1. A broadband dual-polarized microstrip array antenna generating two polarizations by using transmission path, said two polarizations are generated by a separate transmission path respectively in order to reduce interference between said two polarizations.

2. The array antenna as set forth in claim 1, wherein said separate transmission path is formed on a different film layers each other.

3. The array antenna as set forth in claim 1, wherein said array antenna uses a parallel feeding method.

4. The array antenna as set forth in claim 3, wherein said array antenna comprises:

a first film coated with a metal on the upper side and plurality patch elements are arranged with a uniform array shape;

a closed region formed on the center of said first film;

a patch antenna formed on the center of said closed region, said patch antenna generating a radiation by a resonance in said closed region;

a first styrofoam formed under said first film;

a second film forming a proximity feeding excitation transmission line, said second film formed under said first styrofoam and connected in parallel to the bottom side of said first film excepting said closed region, said second film generating a first polarization by exciting each patch antenna in accordance with the current inputted from the outside;

a second styrofoam formed under said second film;

a third film under said second styrofoam, wherein a slot is formed at the corresponding position to each patch antenna for electromagnetic wave to pass through;

a third styrofoam formed under said third film;

a fourth film formed under said third styrofoam, wherein transmission lines for aperture feeding excitation are formed on said fourth film and are connected in parallel to each other and generate a second polarization by exciting each patch antenna through said slot in accordance with the current inputted from the outside;

a fourth styrofoam formed under said fourth film;

a thin metal plate formed under said fourth styrofoam.
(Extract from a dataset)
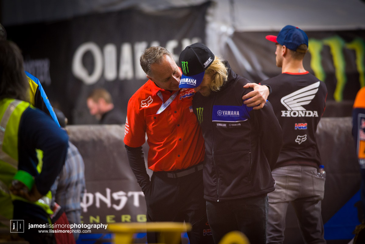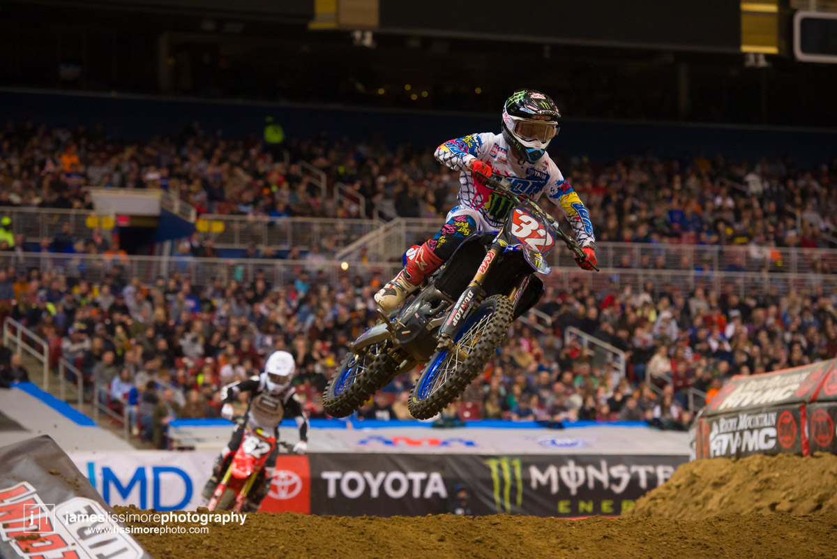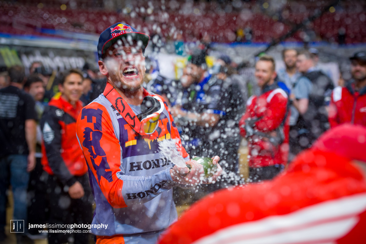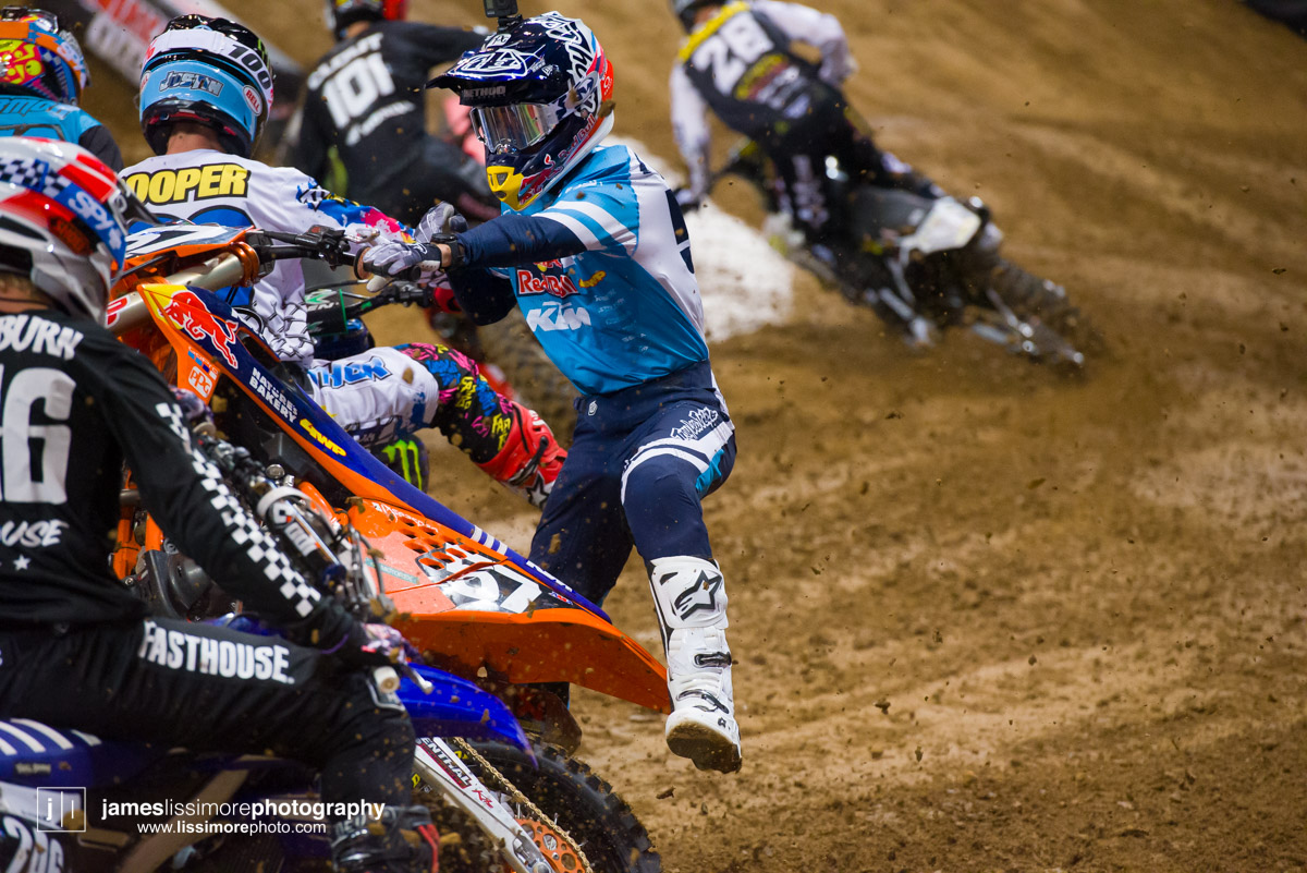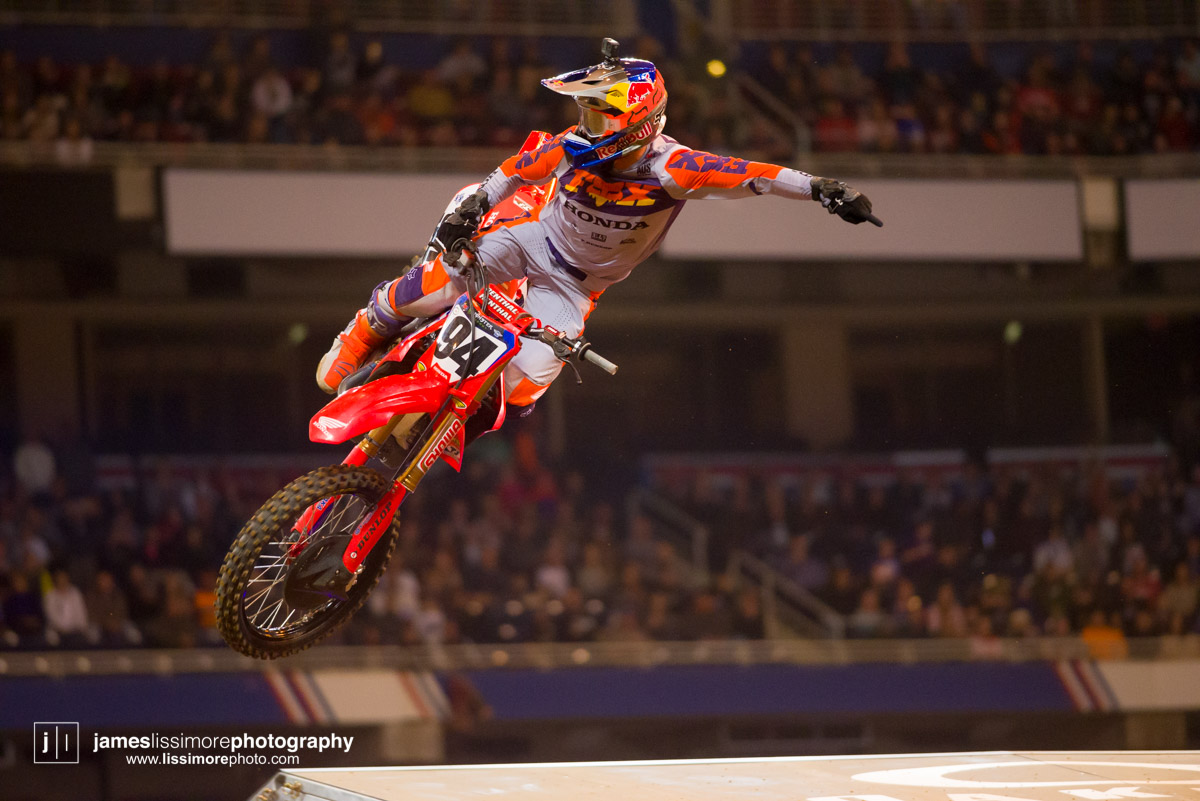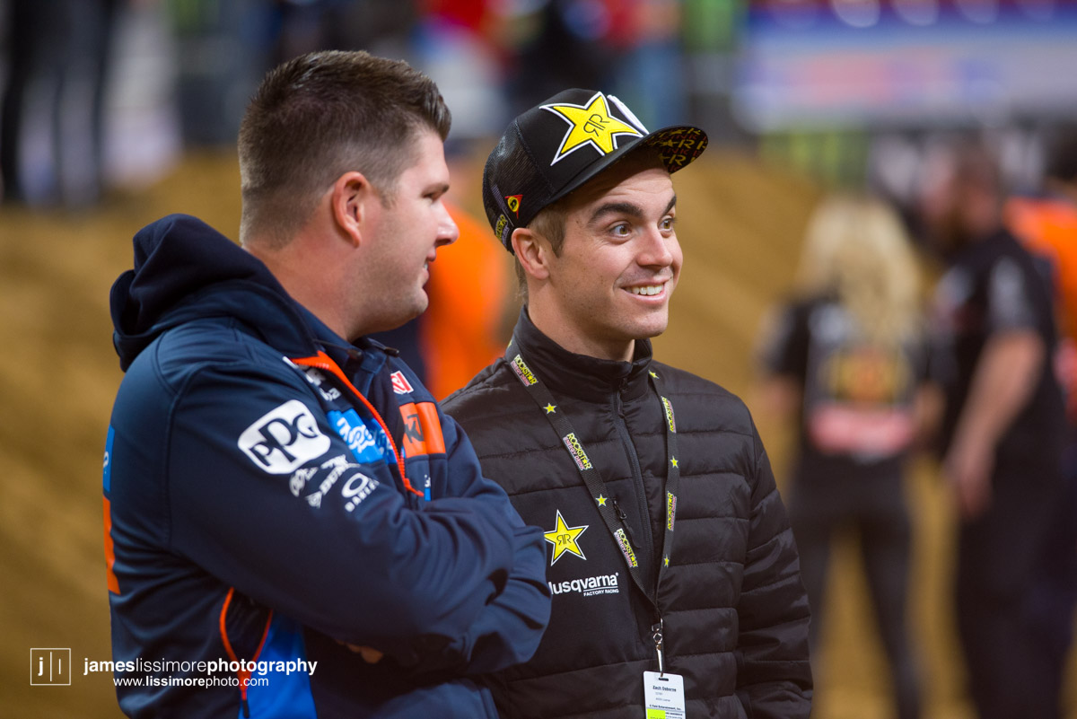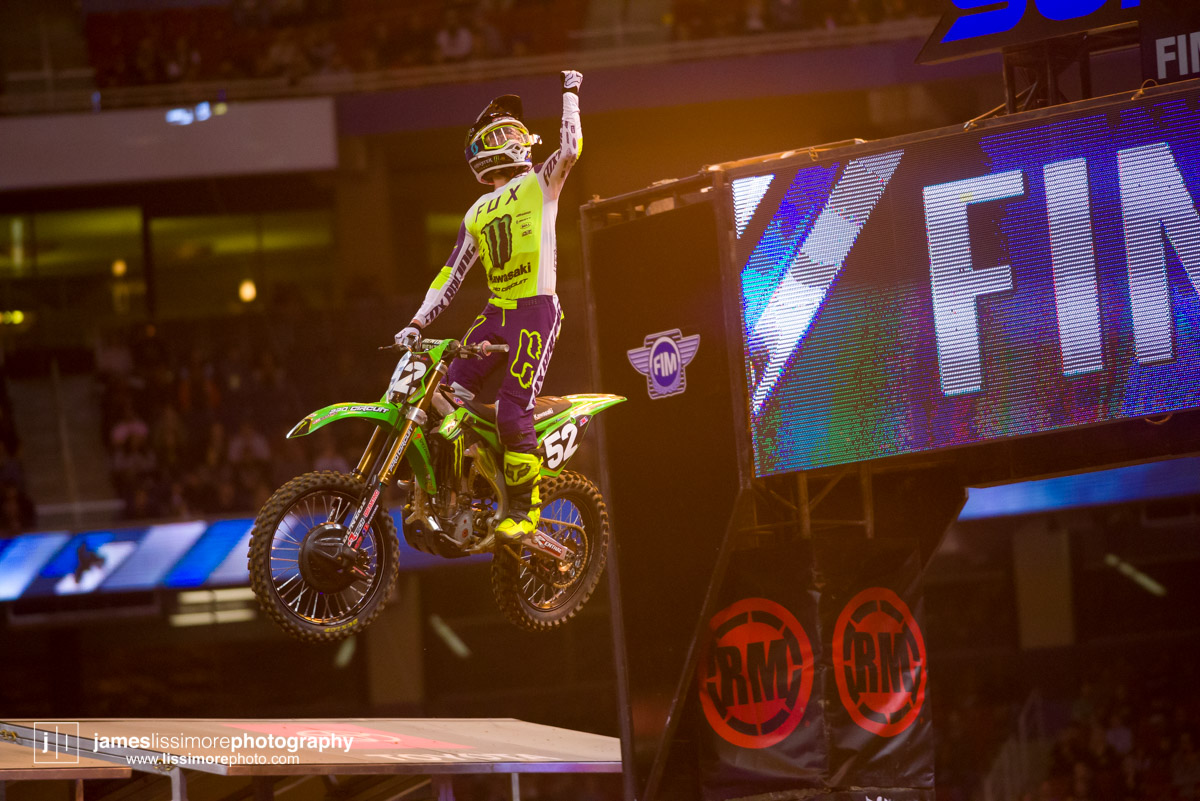 Deep sleeper Cade Clason sporting the new Jett Lawrence replica gloves.The fanny pack was back! All jokes aside, Hill has been pretty solid so far.Track talk is easily Steve’s favorite time of the day. Dan Truman’s stories never disappoint, either. Finally, Lars stole my haircut.This is a great example of how not to wear a hat.Shane Drew has worked with JB51 on many different teams and in many different situations. I am sure he is happy to see Barcia succeeding.Eli Tomac really stuck his neck out a few times on his charge to the front Saturday.Carlos Rivera is one of the nicest people you’ll ever meet. He also has more titles than most anyone you’ll ever meet.Poor McAdoo. He had a huge crash right in front of me and the bike landed on him just to make things as bad as possible. I don’t know the exact timetable on collapsed lungs but it can’t be good.The Tehran SX featured an array of SCUD missiles fired at their own people.Being able to share moments like that with your child has to be near the top of any list. Also, this is such a great FLY ad.Hey guys, wtf? The track map said we go backwards here.Australian and Japanese relations have broken down for the first time since 1945.Troll Train did what Troll Train does. He doesn’t have the pace to go with Forkner, Cooper, and Ferrandis but top five’s are legit.This is the first lap of the heat race. This start was critical for Blose and Reed as they would finish 9th and 10th, just like they are pictured here.Eli Tomac was much better this weekend. Eli is coming, folks.AC and Zacho went at it like it was 2017. I love the aggression but let’s stay healthy, ok boys?Justin Cooper has been better than I expected. Kudos.Jett Lawrence might be the most exciting 250 rider to watch. He crashes a lot, goes fast, and more or less wreaks havoc at all times.Hartranft is giving the TLD KTM team some much needed help. Way to deliver.The most talked about fantasy pick of the day, Aaron Tanti came through in the clutch, qualifying in the LCQ. I didn’t have the balls to pick him.Hometown win, Ferrandis lost a bunch of points, engaged to a Monster girl… life is good for Austin Forkner.I was unaware of said Missouri Mafia but I am into it. I am also curious as to why his pants are so dirty?Huskies for days at the front of the main event. Nice work by Roczen here to get up front quickly.“Don’t even think about that inside line, JB.”Favor repaid. Adam got into Zacho pretty good in the prior turn and I think Zach was done with the punching bag routine.I have been thoroughly impressed by Barcia so far. Dude is not messing around.Slingshot engaged. Mookie is so damn good in the whoops.This turn was weird. It was just before the finish and a flat left. It formed 2-3 ruts all night but they were incredibly close to each other. That also caused some aerial drama with riders almost colliding on the tabletop after.I am over here and second place is still over there.Trey has been testing a lot for HRC Honda and it looks like it’s paying off.It’s a celebration, bitches! Congrats to Roczen and everyone in his corner for finally making it back to the top step.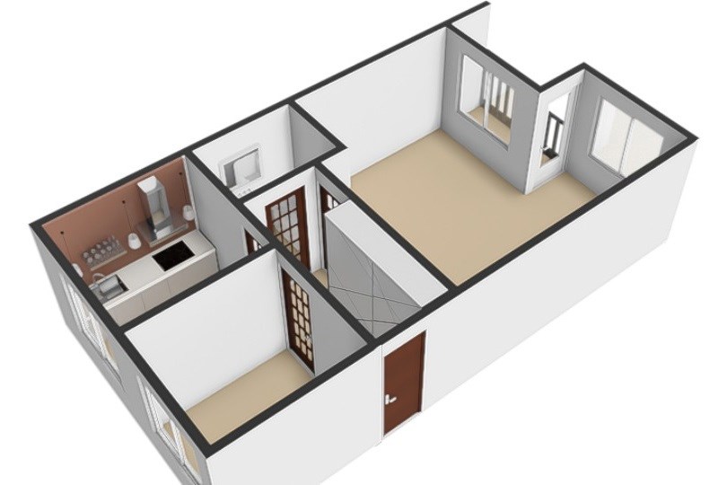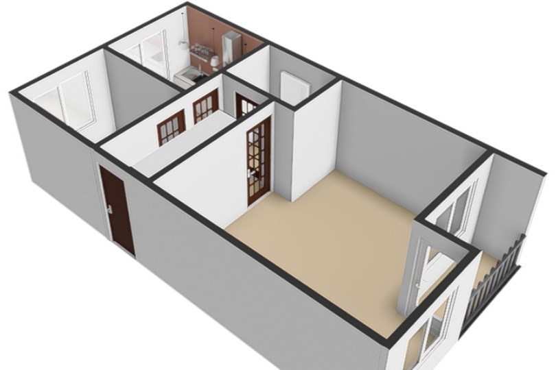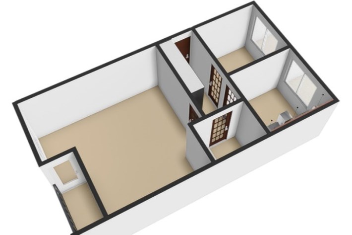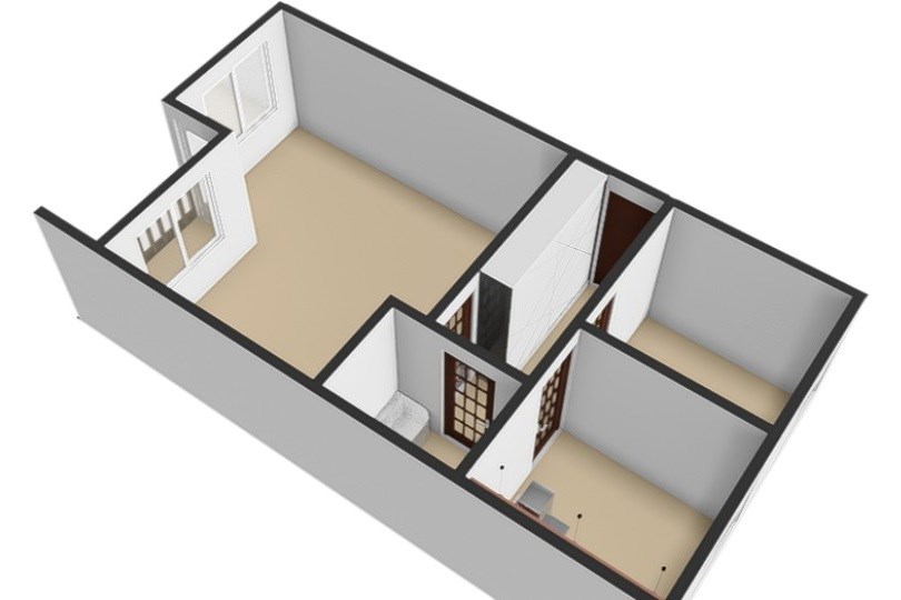 Salon o powierzchni ok. 23,12m2, sypialnia o powierzchni ok. 6,39m2.

5. The array antenna as set forth in claim 4, wherein said each power supplying layer using a strip line in order to reduce an energy loss arisen from the power supplying part.

6. The array antenna as set forth in claim 5, wherein said power supplying part and the patch element are coupled electro-magnetically and operate as an antenna.

7. The array antenna as set forth in claim 6, wherein one of said two polarization is generated by a patch element using the proximity feeding type and radiated at the parallel feeding part by said patch element and the other polarization is generated by a patch element using the aperture feeding type and radiated through the slot of the electromagnetic wave generating from the parallel feeding part by said patch element.

8. The array antenna as set forth in claim 7, wherein said second film and fourth film are arranged perpendicularly each other on the horizontal planes formed by said first to said fourth styrofoam.